**Brief:**
Retype every line from the start of the entries below down to the line with "在大陆连续寒潮后的冰天雪地上,山东一些地区到处可见法轮大法真相标语、横幅。", both ends included; skip the pictures.

**Input for this task:**

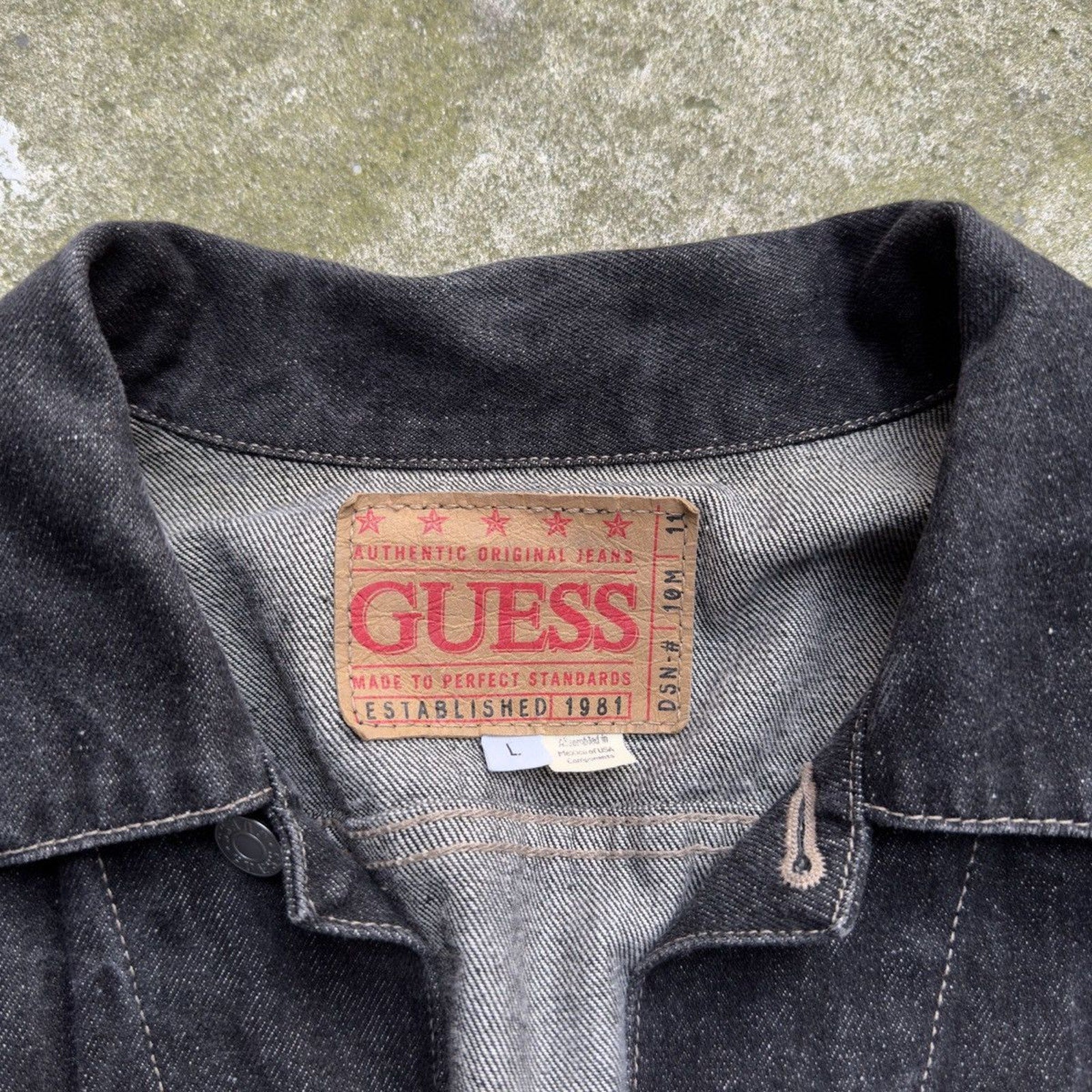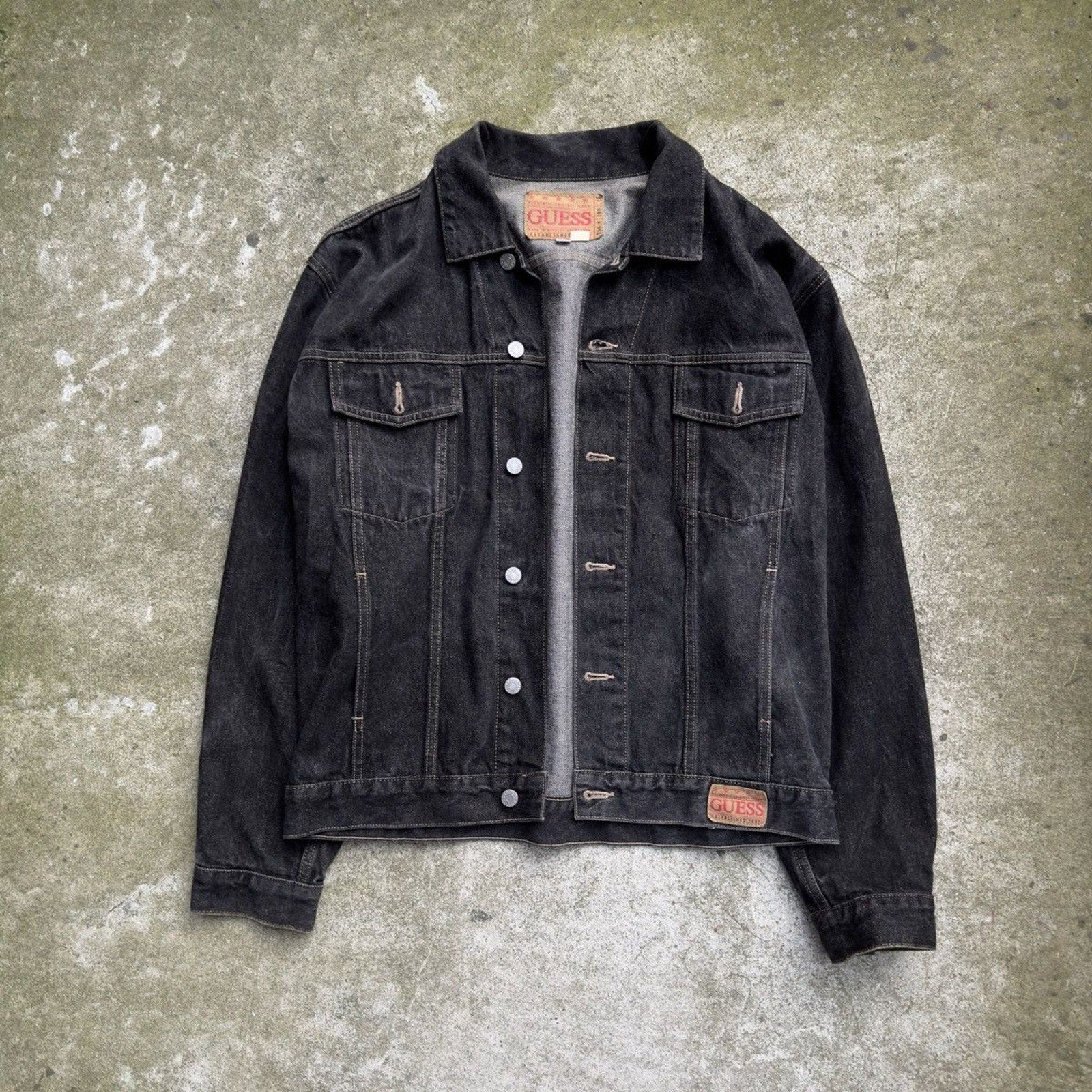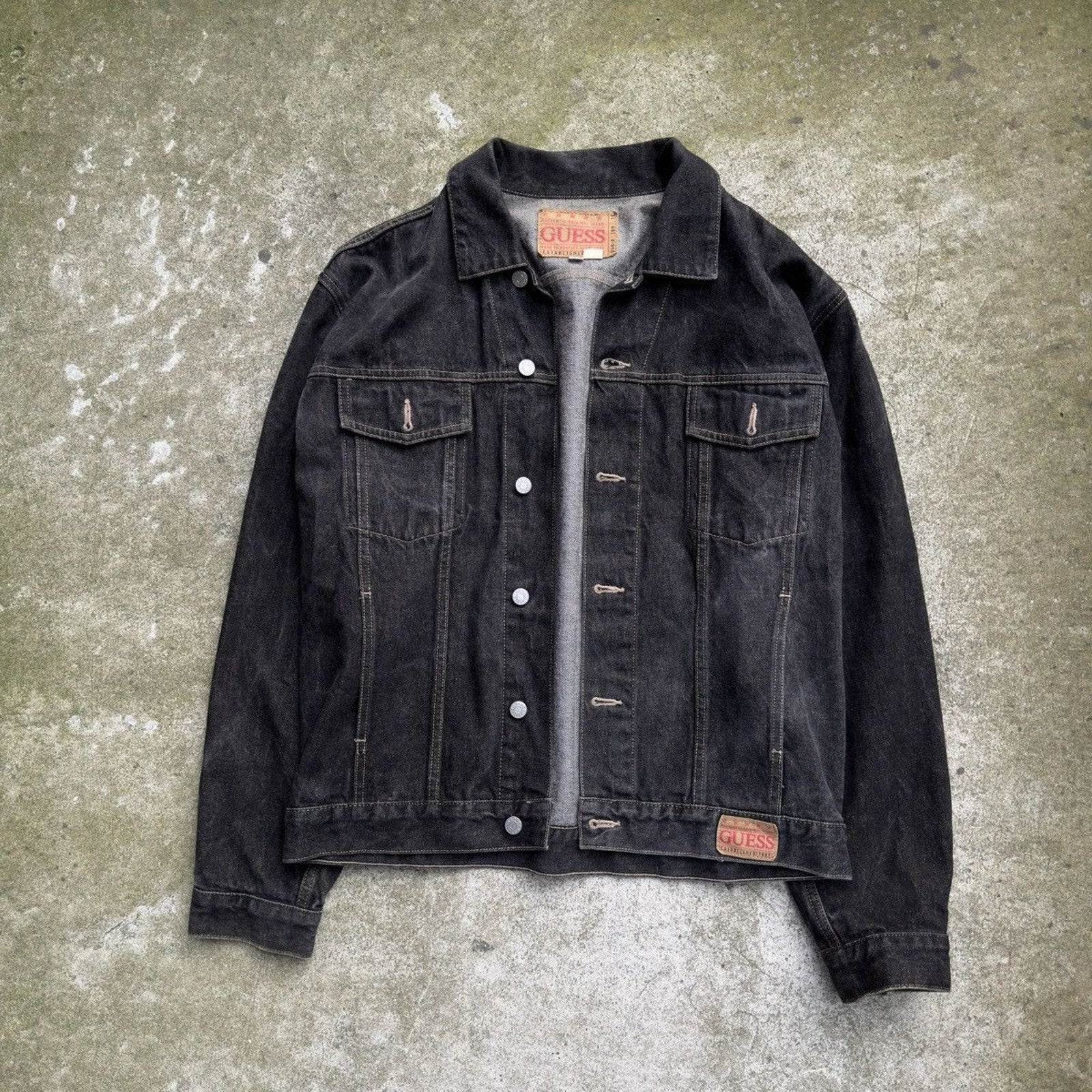 1990 Guess Faded Washed Black Denim Trucker Jacket
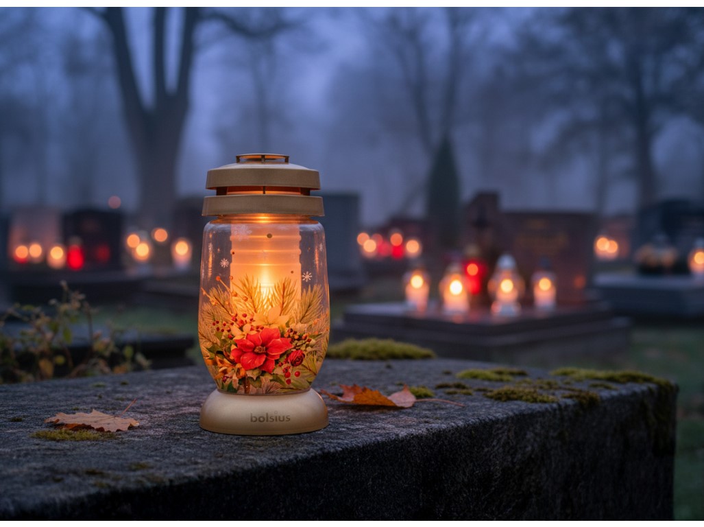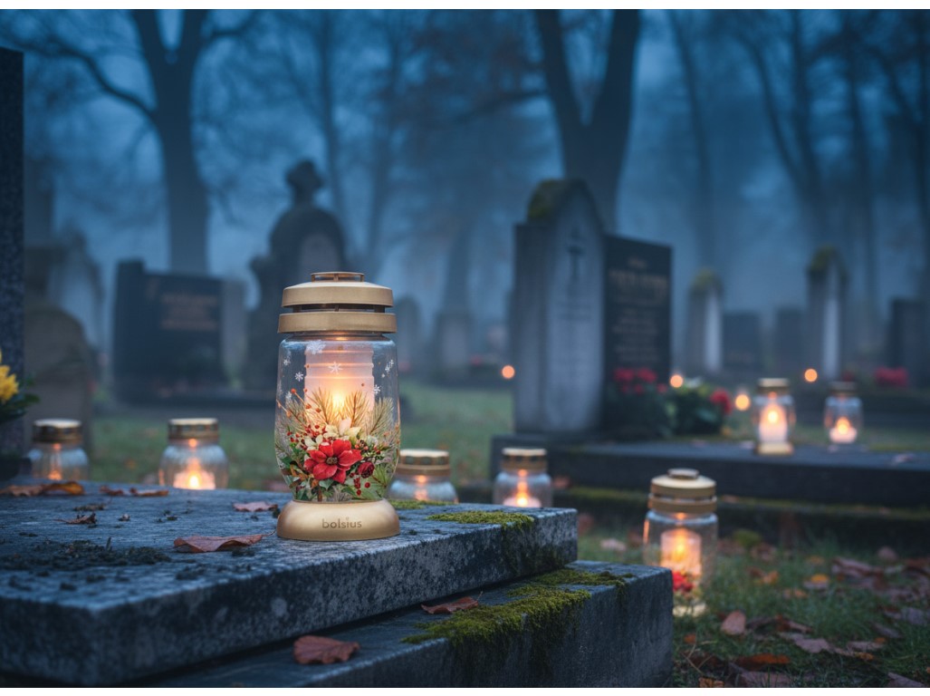 Bolsius temetői mécses téli motívummal és betéttel - akár 36 órán át tartó emlékek lángja.
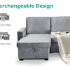 Interchangeable L-shape sofa bed set: Chaise can be placed to the left or the right.
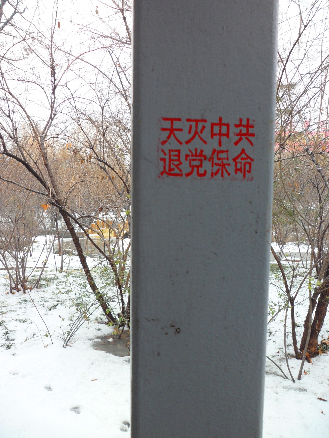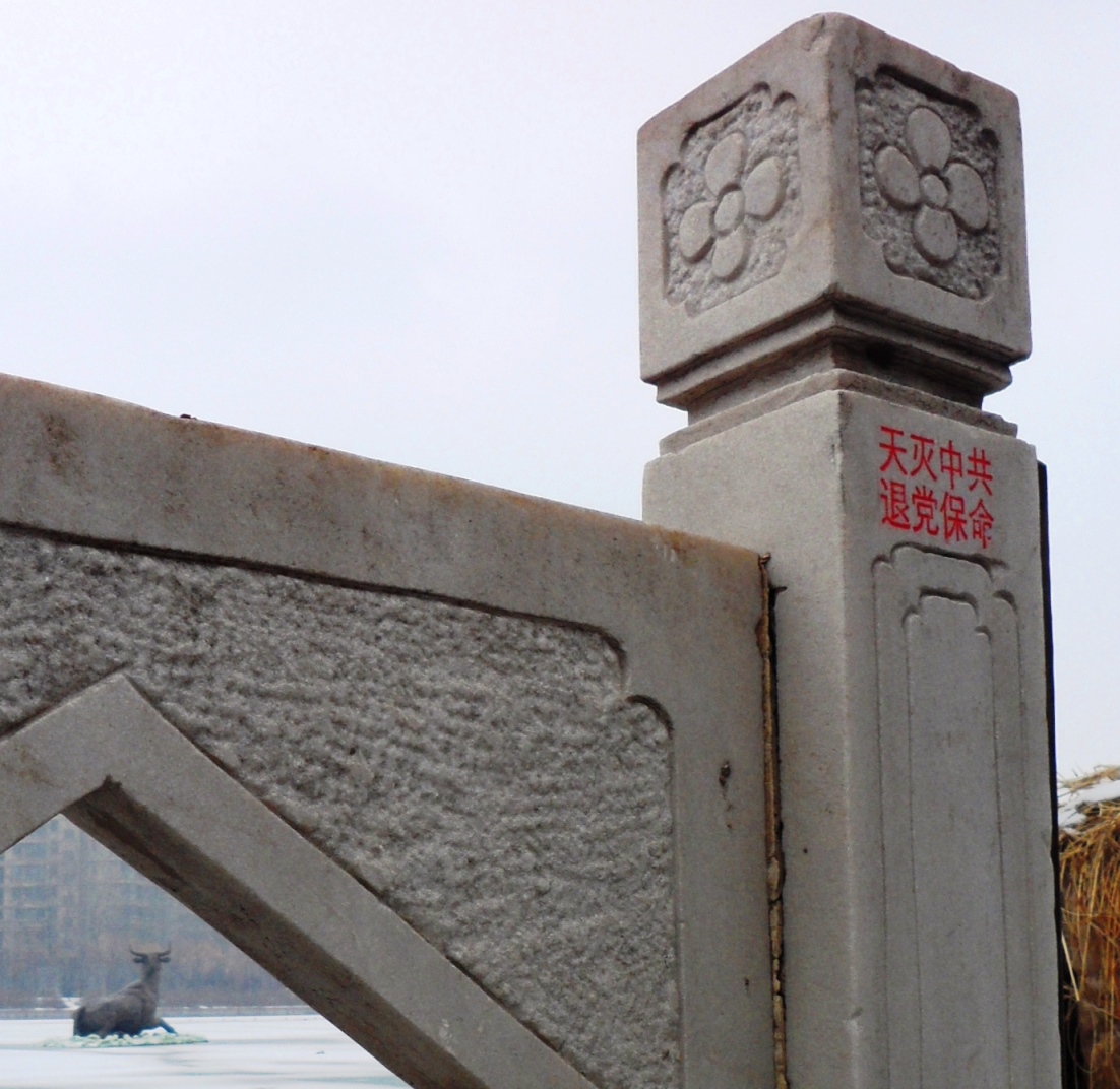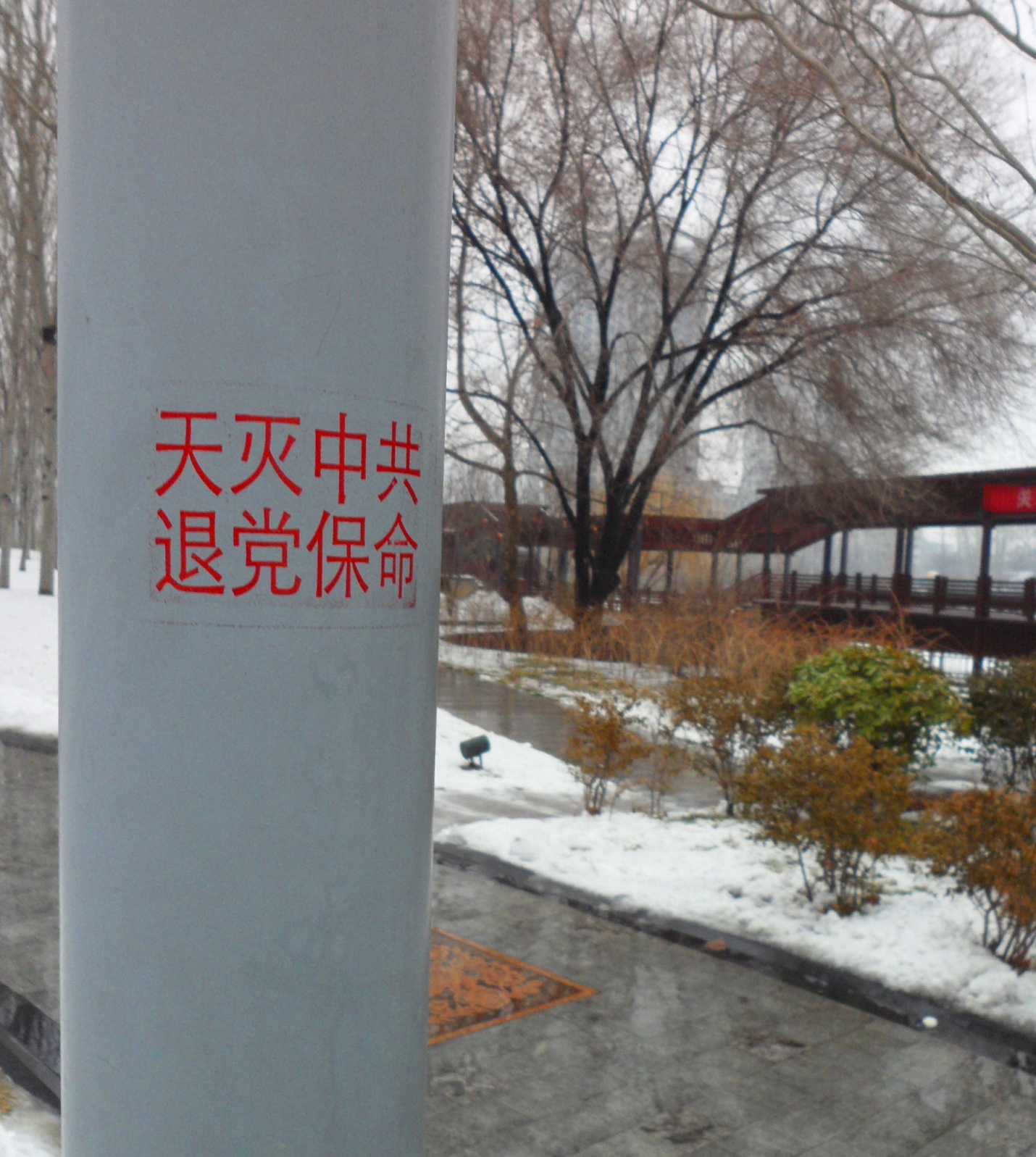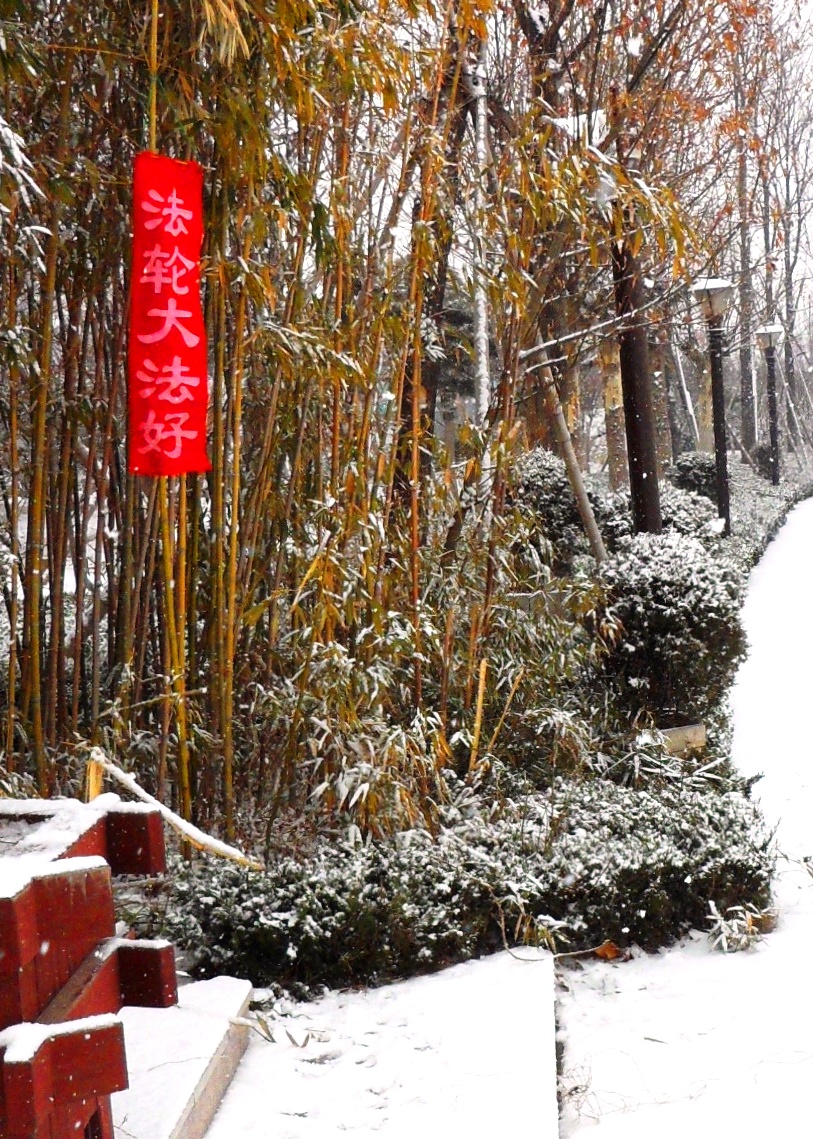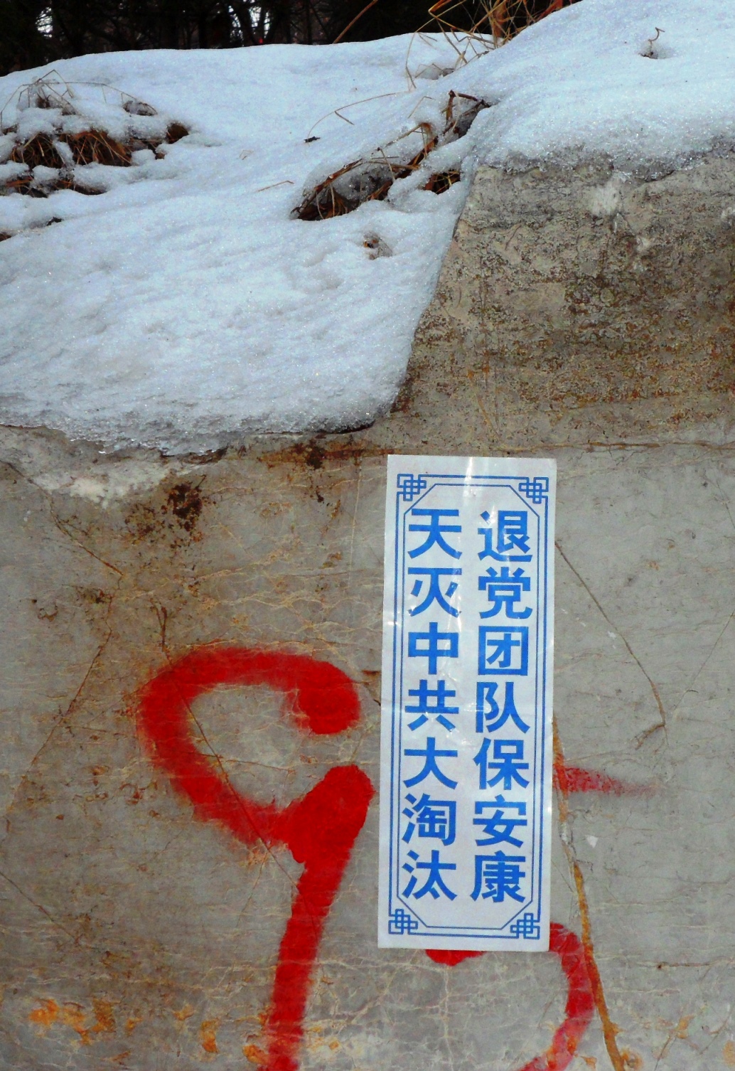 在大陆连续寒潮后的冰天雪地上,山东一些地区到处可见法轮大法真相标语、横幅。
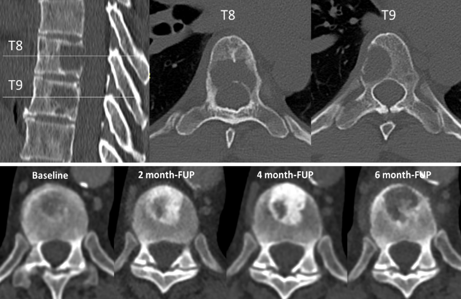 Paciente masculino de 70 años con adenocarcinoma de próstata. En biopsia el patólogo reportó diseminación linfática, hematógena y perineural. 3 semanas después el paciente presentó hipercalcemia. Usted realiza estudios de imagen y observa lesiones en las siguiente estructuras.
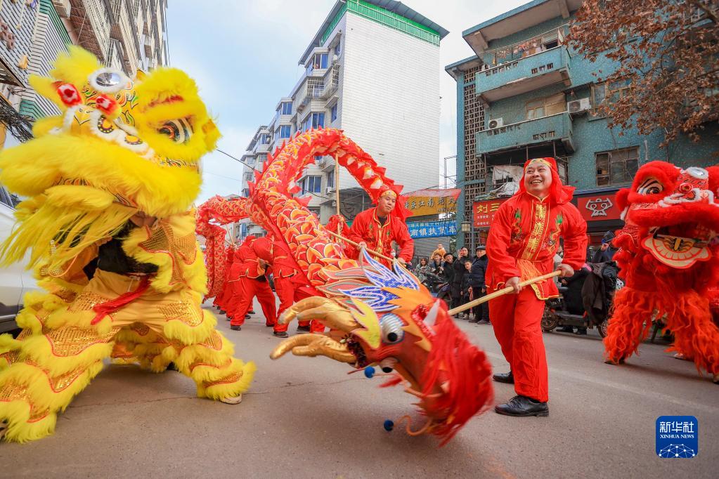 1月19日,民間藝人在四川省遂寧市蓬溪縣蓬南鎮街頭表演舞龍、舞獅。
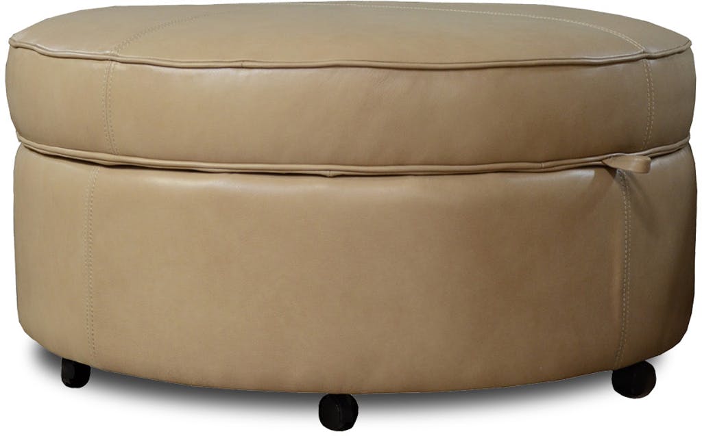 The round all leather Auden ottoman is a great accent piece for any contemporary or transitional room. This round ottoman has a removable lid to allow for extra storage for games, remotes, blankets, etc.—how convenient!Read More

**Reply to the exercise:**
 1990 Guess Faded Washed Black Denim Trucker Jacket
 Bolsius temetői mécses téli motívummal és betéttel - akár 36 órán át tartó emlékek lángja.
 Interchangeable L-shape sofa bed set: Chaise can be placed to the left or the right.
 在大陆连续寒潮后的冰天雪地上,山东一些地区到处可见法轮大法真相标语、横幅。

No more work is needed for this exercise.